Conservators have found evidence that Leonardo left off work at an early point and picked it up again, possibly more than once, later.
Standing in front of the picture, which hangs, spotlighted, in a darkened gallery in the Met’s Lehman wing, you can get a sense of
restless layers of activity.

In some areas it never progressed beyond a preliminary stage. The lion, a tawny silhouette with washy internal detailing, is a
compositional place marker. The same is true of Jerome’s unmodeled rock-holding arm. But beginning just below the shoulder, this
changes. Flesh suddenly gains shading; musculature develops. This naturalism spreads to the face, a construction of sinew and bone
that brings Leonardo’s autopsy drawings to mind.

Even within this clinical precision, though, certain features are hard to read. At a glance, the saint’s eyes seem to be sightless or
downcast. In fact, they are directed upward to a fleetly sketched, apparitional image of a crucifix seen in profile.

And, enchantingly, just behind the saint, a misted landscape appears, bringing the refreshment of color — sky-blue, tree-green — to a
penumbral scene. In the exacting depiction of Jerome’s face and torso we see the hand and eye of Leonardo the anatomist. In the
landscape, we see the naturalist, the botanist, the weather-watcher, the world lover. It may say something about this love that we find
traces of the artist’s fingerprints in the landscape passage where he dabbed and smooshed paint by hand to create a soft-focus
atmosphere.

A detail of “Saint Jerome Praying in the Wilderness.” A sketch suddenly gains flesh and
shading; muscles develop; a construction of sinew and bone brings Leonardo’s autopsy
drawings to mind. Brittainy Newman/The New York Times

Still, the painting’s real focus is Jerome’s agonized face. And its real subject, to my eye, is inflamed spiritual grief.

What we know is that Leonardo kept the picture with him till he died, then another history took over. The work drops from the record
until the late 18th or early 19th century when the Swiss painter Angelica Kaufmann (1741-1839), then living in Rome, acquired it. At
some point, pieces were cut from the panel — probably with the idea of selling the more finished sections — and later reassembled. At
the Met, thanks to raked lighting, you can see repair lines around the saint’s head.

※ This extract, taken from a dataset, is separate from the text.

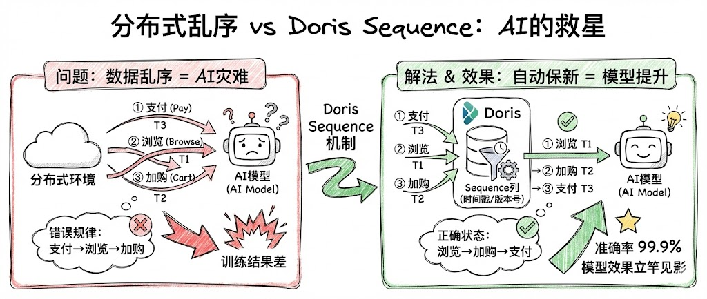 Doris通过Sequence列机制,彻底解决了这个让AI工程师头疼的问题。你可以指定一个时间戳或版本号字段,Doris会自动识别并保留时间最新的那条数据。即使数据乱序到达,最终存储的永远是按照业务逻辑正确的那个状态。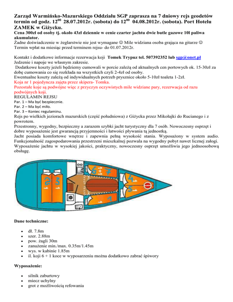 Zarząd Warmińsko-Mazurskiego Oddziału SGP zaprasza na 7 dniowy rejs geodetów termin od godz. 1200 28.07.2012r. (sobota) do 1200 04.08.2012r. (sobota). Port Hotelu ZAMEK w Giżycku. Cena 300zł od osoby tj. około 43zł dziennie w cenie czarter jachtu dwie butle gazowe 10l paliwa akumulator. Żadne doświadczenie w żeglarstwie nie jest wymagane ☺ Mile widziana osoba grająca na gitarze ☺ Termin wpłat na miesiąc przed terminem rejsu- do 01.07.2012r. Kontakt i dodatkowe informacje rezerwacja koji Tomek Trypuz tel. 507392352 lub [email protected] Jedzenie i napoje we własnym zakresie. Dodatkowe koszty jeżeli będziemy cumowali w porcie zależą od aktualnych cen portowych ok. 15-30zł za dobę cumowania co się rozkłada na wszystkich czyli 2-4zł od osoby. Ewentualne koszty zależą od indywidualnych potrzeb prysznice około 5-10zł toaleta 1-2zł. Koja nr 1 pojedyncza zajęta przez skipera- Tomka. Pozostałe koje są podwójne więc z przyczyn oczywistych mile widziane pary, rezerwacja od razu podwójnych koji. REGULAMIN REJSU Par. 1 – Ma być bezpiecznie. Par. 2 – Ma być miło. Par. 3 – Koniec regulaminu. Rejs po wielkich jeziorach mazurskich (część południowa) z Giżycka przez Mikołajki do Rucianego i z powrotem. Przestronny, wygodny, bezpieczny a zarazem szybki jacht turystyczny dla 7 osób. Nowoczesny osprzęt i dobre wyposażenie jest gwarancją przyjemności i łatwości pływania tą jednostką. Jacht posiada komfortowe wnętrze i zapewnia pełną wysokość stania. Wyposażony w system audio. Funkcjonalność zagospodarowania przestrzeni mieszkalnej pozwala na wygodny pobyt nawet licznej załogi. Wyposażenie jachtu w wysokiej jakości, praktyczny, nowoczesny osprzęt umożliwia jego jednoosobową obsługę. Dane techniczne: • • • • • • dł. 7.8m szer. 2.88m pow. żagli 30m zanużenie min./max. 0.35m/1.45m wys. w kabinie 1.85m il. koji 6 + 1 koce w wyposarzeniu można dodatkowo zabrać śpiwory Wyposażenie: • • • silnik zaburtowy miecz uchylny grot z możliwością refowania • • • • • • • • • • • • • • • • • • • Lazy Jack rolfok na sztywnym sztagu brama do stawiania i kładzenia masztu podwójny reling kaczy dziób i drabinka rufowa stolik kokpitowy ośw. elek. 12V radio / CD gniazdo 12V, prostownik pełnowymiarowe 3 podwójne koje (w tym 1 rozkładana w mesie) kambuz (kuchenka 2.palnikowa, lodówka, zlewozmywak, naczynia, talerze, sztućce, szklanki) WC chemiczne instalacja wodna w WC i kambuzie 2 szt. pagaje, bosak kotwica, cumy, 4 szt. odbijaczy, krawaty zbiornik na wodę ,2 butle gazowe, paliwo, akumulator gaśnica, saperka 7 szt. kamizelek ratunkowych + koło pełne ubezpieczenie Jacht Casco, OC, Trasa rejsu na załączonej mapie może Przykładowe zdjęcia jachtu tego typu.

Why Leonardo left this and other pictures unfinished, we can’t know. Ms. Bambach, who organized the Met’s 2003 Leonardo drawing
survey and whose awesomely ambitious four-volume study of the artist called “Leonardo da Vinci Rediscovered,” will appear later
this month, suggests that the answer may lie in his relentlessly inquisitive personality: in a now-familiar internet way, every search
for information he made turned up links to other searches, which he couldn’t resist pursuing.

And in this she’s in agreement with the forgiving Vasari, who wrote: “Leonardo’s profound and discerning mind was so ambitious that
this was itself an impediment; and the reason he failed was because he endeavored to add excellence and perfection to perfection. As
our Petrarch has said, the desire outran the performance.”

The result, both historians seem to suggest, is an art that, consciously or otherwise, privileges process over finish, experimentation
over resolution: never having to say “done” was Leonardo’s comfort-zone mode. And in the case of the Vatican painting, this has a
fantastic payoff: It leaves an expression of fever-pitch emotion ever burning. It will burn all summer, this furnace of anguished
devotion. The Met better keep its air-conditioning on high.

Leonardo da Vinciʼs Saint Jerome


July 15 through Oct. 6 at the Metropolitan Museum of Art, 1000 Fifth Avenue, Manhattan; 212-535-7710, metmuseum.org.